SUMMARY
The research of Casey R. Ager, Ph.D., focuses on cancer immunology, particularly the development and validation of new combination immunotherapies for genitourinary cancers and other tumors.
Dr. Ager's research uses high dimensional spectral flow cytometry and other state-of-the-art immune profiling technologies. These technologies map the dynamics of tumor-immune co-evolution in preclinical models and clinical specimens.
Dr. Ager's research has discovered the fundamental drivers of productive versus nonproductive immune responses to cancer. His research involves the development of new cancer therapeutics and fuels designs of new clinical trials with physician-scientist partners at Mayo Clinic and across the country.
Focus areas
- Temporal atlases of antitumor immunity. Dr. Ager's research monitored new preclinical models and 40+ parameter spectral cytometry methods. These models map the composition and phenotypic characteristics of immune cells in tumors, draining lymph nodes and blood. This is done through the entirety of an antitumor immune response, down to 24-hour resolution.
In collaboration with clinical partners in the Department of Urology, Dr. Ager's research maps the immune contexture of human genitourinary cancers. These cancers are monitored through the lifespan of disease stages to better understand how baseline immunity influences tumor progression and susceptibility or resistance to immunotherapies.
- Rational drug sequencing: Time-resolved cancer immunotherapy. Combination immunotherapy regimens have entered clinical use but remain highly toxic and marginally effective relative to single agent therapies.
Dr. Ager's research has engineered a novel approach to combination immunotherapy. He leverages temporal atlases of antitumor immunity to synchronize drug delivery to target expression or time-resolved therapy.
In collaboration with clinical partners at Mayo Clinic, Dr. Ager's research validates these findings through innovative correlative studies on neoadjuvant clinical trials.

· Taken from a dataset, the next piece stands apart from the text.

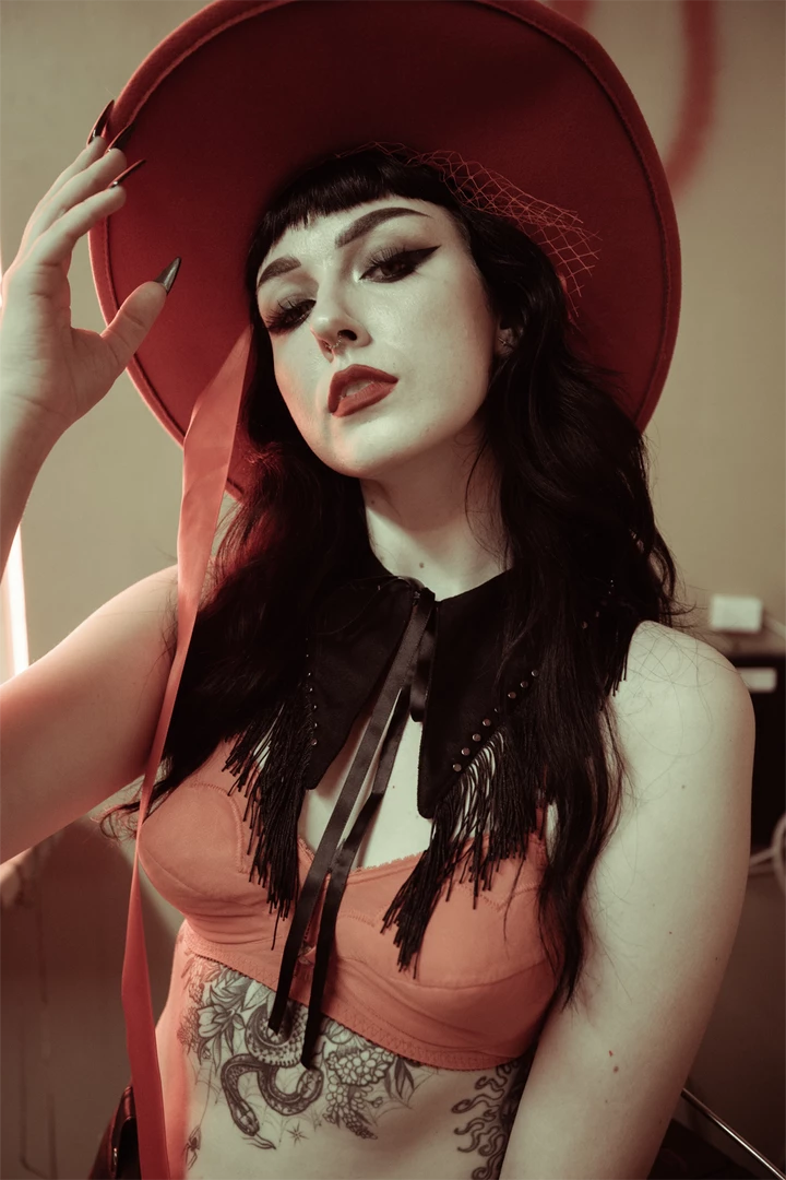 This detachable “With the Band” Fringe Collar from Lively Ghosts is an accessory to accompany all vintage inspired looks! This is the Black Sabbath version, crafted from black vegan suede & complete with silver studded edges and black fringe. Adjustable, it can be be tied to fit you best with the satin ribbon front closure.

- Novel targetable vulnerabilities of regulatory T cells in cancer. Dr. Ager's research, in collaboration with colleagues at Columbia University, discovered multiple novel targetable vulnerabilities of the tumor-infiltrating regulatory T cell (Treg) state.
These vulnerabilities include the transcription factor TRPS1 and the killer cell lectin-like receptor KLRG1+Helios- phenotype. Alongside collaborators within the Department of Immunology, Dr. Ager's research is interrogating mechanisms underlying these novel factors to inform design and translation of new therapeutic strategies that selectively disable human tumor-infiltrating Tregs.

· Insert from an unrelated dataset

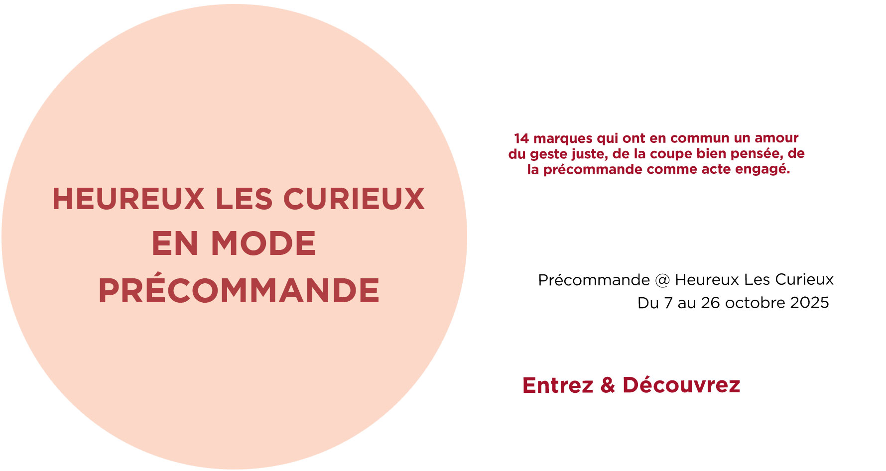 HEUREUX LES CURIEUX est un concept innovant de commerce qui offre aux marques et aux consommateurs un tête à tête inédit. L’expérience est la clé, elle réveille les sens et redonne du sens à la consommation. De la confiance et de la conscience. Plus qu’un énième pop-up, HEUREUX LES CURIEUX est un lieu durable. On y est, on y reste : 23, rue du Pont-aux-Choux à Paris. Notre adresse, la première. Celle d’un Ephémère pérenne.

Significance to patient care
Cancer immunotherapy has become a pillar of cancer care. However, long-term durable responses remain restricted to a minority of patients, particularly in prostate cancer where most patients are resistant.

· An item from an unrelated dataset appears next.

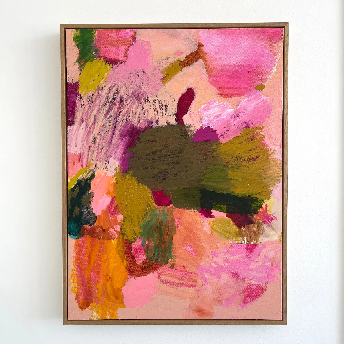 Framed in raw oak.

Sensitizing these patients to immunotherapy, or selecting patients most likely to respond, requires a deeper fundamental understanding of how immune responses succeed or fail. Dr. Ager's research applies state-of-the-art single-cell profiling technologies to this end.
This technology generates actionable discoveries that fuel novel drug development, optimization of existing therapeutic regimens and designs of innovative clinical trials to benefit patients at Mayo Clinic and beyond.